[Goal of the exercise]: Below is a listing. Set down exactly the lines from the one containing "[Signature Page to" through the one containing "Your fingers will", both ends included, and leave out the rest.

[Information provided]:
====
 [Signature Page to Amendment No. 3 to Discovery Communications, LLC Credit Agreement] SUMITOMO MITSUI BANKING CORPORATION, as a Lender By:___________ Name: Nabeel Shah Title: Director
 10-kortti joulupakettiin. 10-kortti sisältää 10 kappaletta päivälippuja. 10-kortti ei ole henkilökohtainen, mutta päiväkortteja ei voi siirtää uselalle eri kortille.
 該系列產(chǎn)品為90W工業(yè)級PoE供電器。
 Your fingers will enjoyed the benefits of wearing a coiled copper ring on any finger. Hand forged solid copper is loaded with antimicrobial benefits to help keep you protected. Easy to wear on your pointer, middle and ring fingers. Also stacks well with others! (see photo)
====
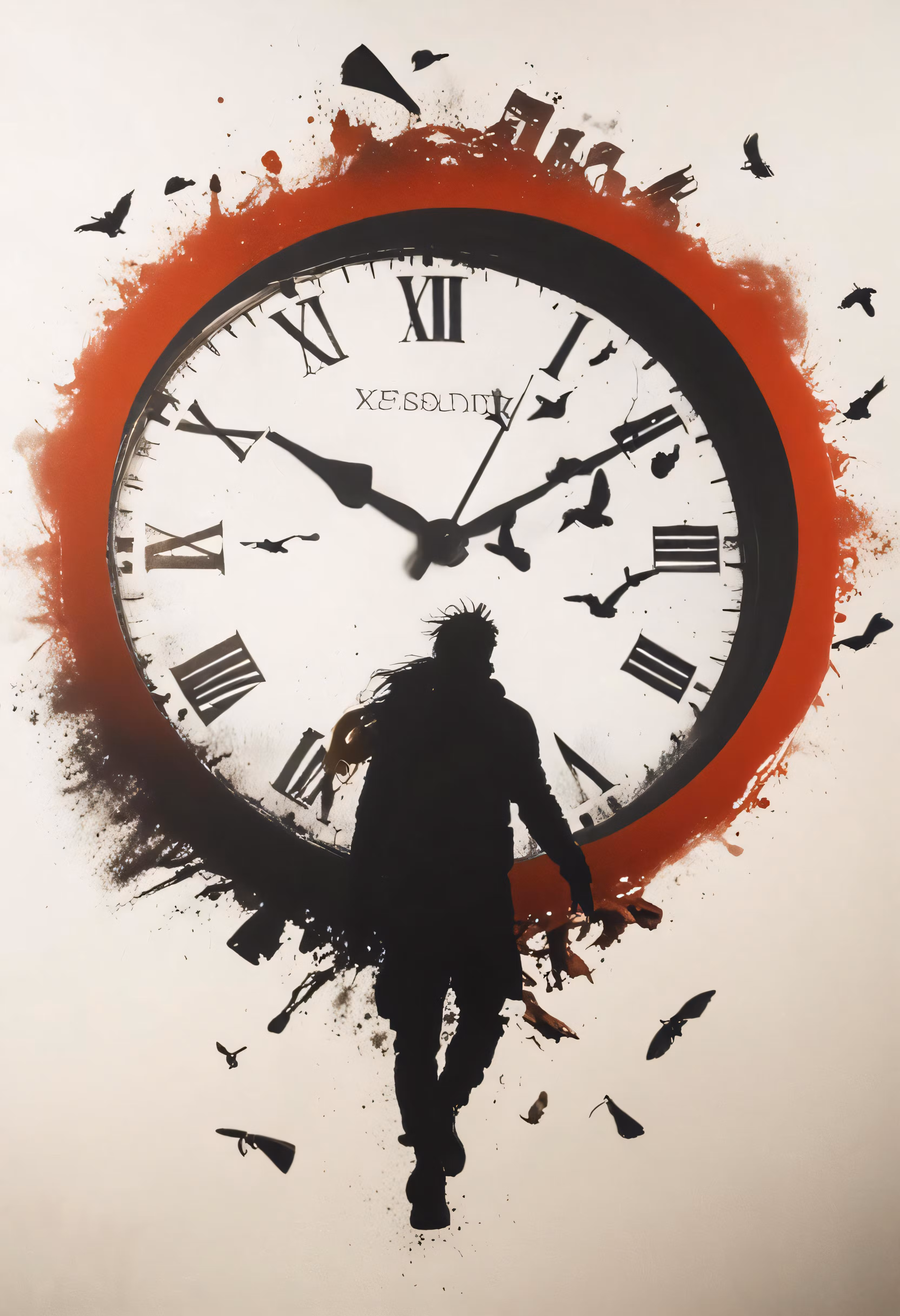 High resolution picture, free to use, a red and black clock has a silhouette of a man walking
====
[Task output]:
 [Signature Page to Amendment No. 3 to Discovery Communications, LLC Credit Agreement] SUMITOMO MITSUI BANKING CORPORATION, as a Lender By:___________ Name: Nabeel Shah Title: Director
 10-kortti joulupakettiin. 10-kortti sisältää 10 kappaletta päivälippuja. 10-kortti ei ole henkilökohtainen, mutta päiväkortteja ei voi siirtää uselalle eri kortille.
 該系列產(chǎn)品為90W工業(yè)級PoE供電器。
 Your fingers will enjoyed the benefits of wearing a coiled copper ring on any finger. Hand forged solid copper is loaded with antimicrobial benefits to help keep you protected. Easy to wear on your pointer, middle and ring fingers. Also stacks well with others! (see photo)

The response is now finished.